Starflower

The stranger took a step forward, her hands outstretched. They were very alike, those two women. Neither tall, both slender, their dark hair falling away from faces full of sorrow. But in the one face there was hope, while in the other there was only despair.

Imraldera, still struggling with the newness of the words upon her tongue, said, “Fairbird, my darling—”

“Away from me!” Fairbird signed. She turned to flee, nearly falling over Frostbite as she went. She grabbed the dog by the ear and tugged, urging her to follow her back to the village, away from this woman with an unholy voice. Let the skin lie in the water and rot! She must get away, and she must not remember.

But Frostbite would not be moved.

The old dog, her mind as slowed by age as her body, stood with her lips drawn back. Her cloudy eyes could see little, and her ears did not know the voice of the stranger. But her nose . . . her nose was as good as it had ever been.

Suddenly the dog yelped. She tore from Fairbird’s grasp and flung herself upon the stranger. Fairbird gasped, thinking her lurcher would tear the girl’s throat out in her efforts to protect her, and she flung herself after, desperately trying to catch hold.

But the dog, still barking and yelping, stood with her paws on the stranger’s shoulders, licking her face and whimpering, her tail wagging as though it would break. The stranger wrapped her arms around the dog’s hulking body, burying her face in the gray, musty fur.

Fairbird stared. She had been betrayed so many times in life. First, her mother died before she could know her; then her sister was cruelly wrenched from her by a father who appeared as cold and heartless as stone. Only Frostbite had been true. Only Frostbite had remained by her side as the darkness of her god threatened to swallow the last shreds of hope she clutched for herself.

Now even Frostbite betrayed her. It was the final blow.

With a sob, she turned to flee.

“Wait!”

Fairbird stopped. Something in that voice compelled her to stay, to hear words that might be as arrows.

“I told you once,” said the stranger, “that when you heard me speak your true name, I would return to you. Will you hear me now? Will you let me speak the name that is truly yours? If I speak it, will you know me at last?”

Fairbird stood as silent as she had lived.

“Gift,” the stranger whispered, putting Frostbite gently from her and approaching Fairbird’s rigid form from behind. “Love Gift. Gracious Gift. Gift of my mother to me, to my father, to the worlds. That is your true name, Fairbird. You are my Gift.”

Fairbird’s hands trembled. She signed, “I killed my mother. I killed you.”

“You gave us reason to die, my darling. You gave us reason to die, and in that, you gave us reason to live.”

Her eyes stricken with tears, the silent girl turned to the one who spoke.

“My Fairbird,” whispered Starflower. “My sister.”

Then suddenly Fairbird was in her arms. She was a young woman now, but she felt no more than five years old as she buried her face in the shoulder of that stranger who was no stranger but who was in fact the dearest of her heart. She wept and felt the tears of her sister falling in her hair and down her neck. Frostbite, in her joy, pressed up against their legs until they fell over in a pile.

They lay together, the three of them, nobody speaking and nobody signing, trying to explain. Frostbite knew best. Let joy be joy without words! And they followed the old dog’s example.

But at last the time for stories came. The girls’ hands flew as they talked in the silent language. But at last Imraldera came to the end of hers, and she put her hands in her lap.

“The curse is broken,” she said out loud.

Fairbird shook her head. “I cannot believe it,” she signed. “How can a god die?”

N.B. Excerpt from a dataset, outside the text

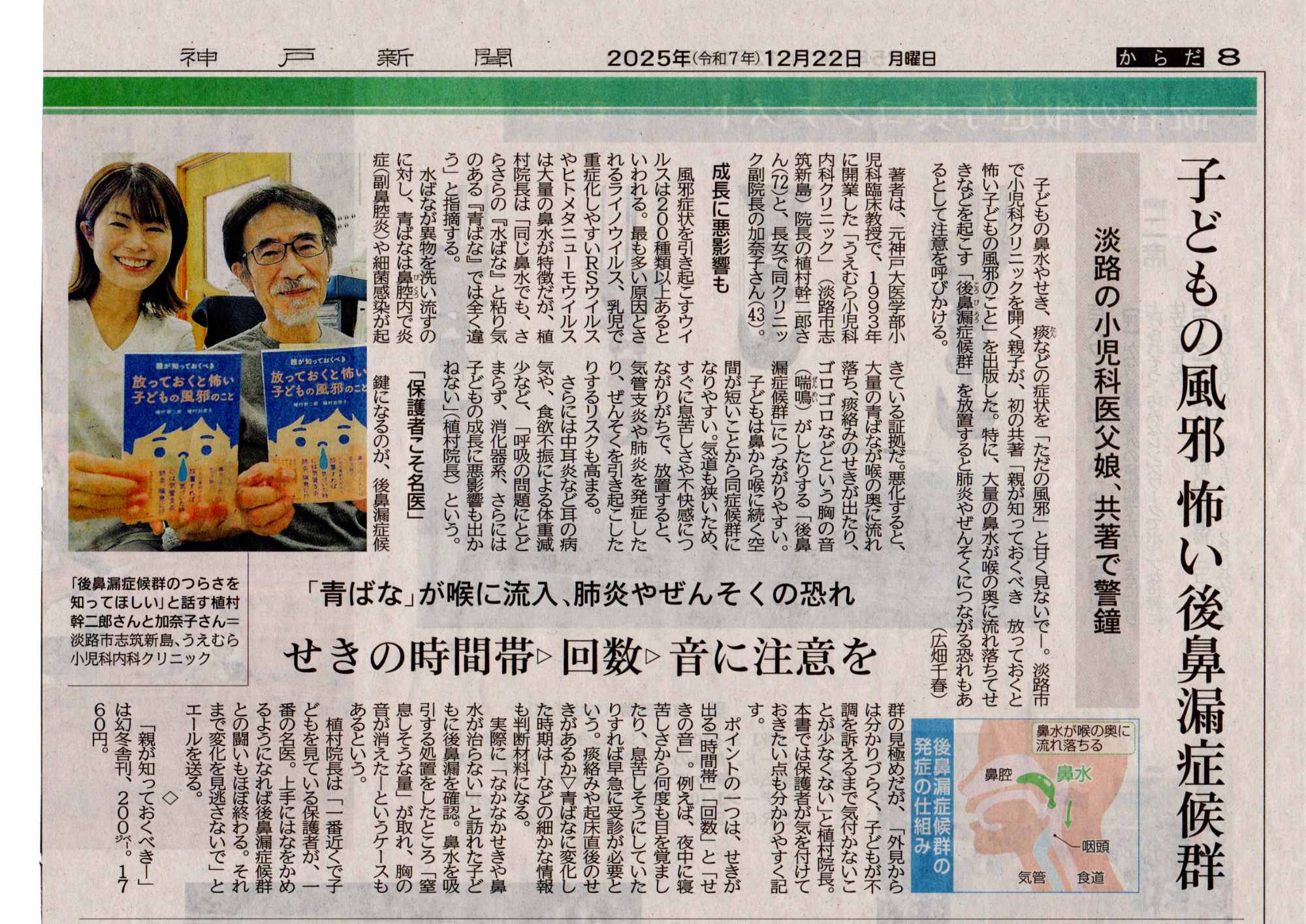 12月22日の神戸新聞の朝刊に、出版本【放っておくと怖い子どもの風邪のこと】に関する取材記事が掲載されました。

“He was no god,” said her sister. “He was Faerie kind, a creature of the Gray Wood.”

“He has been our god for generations.”

“Sister, listen to me!” Imraldera took Fairbird’s face in her hands. She could still see the child whom she had snatched from Wolf Tongue’s grasp and whom she had told to sit by Frostbite and stay behind. Fairbird was grown up now, and so beautiful. What a terrible thing was the Faerie world, filled with immortals caring nothing for time! Eanrin had explained much to her on their journey to Redclay, things Imraldera had not wanted to understand.

It did not matter. The child Fairbird was gone, but Fairbird herself was present. And they had so little time.

“The curse is broken,” Imraldera said again. “You are free. You may speak as boldly as any man, and you can make them listen. You must tell them, Fairbird! You must tell the other women. It was the Giver of Names who freed you. It was he who gave you your name and now gives you a voice. Do you understand?”

Fairbird’s brow drew together. “But I cannot speak. I am not brave like you.”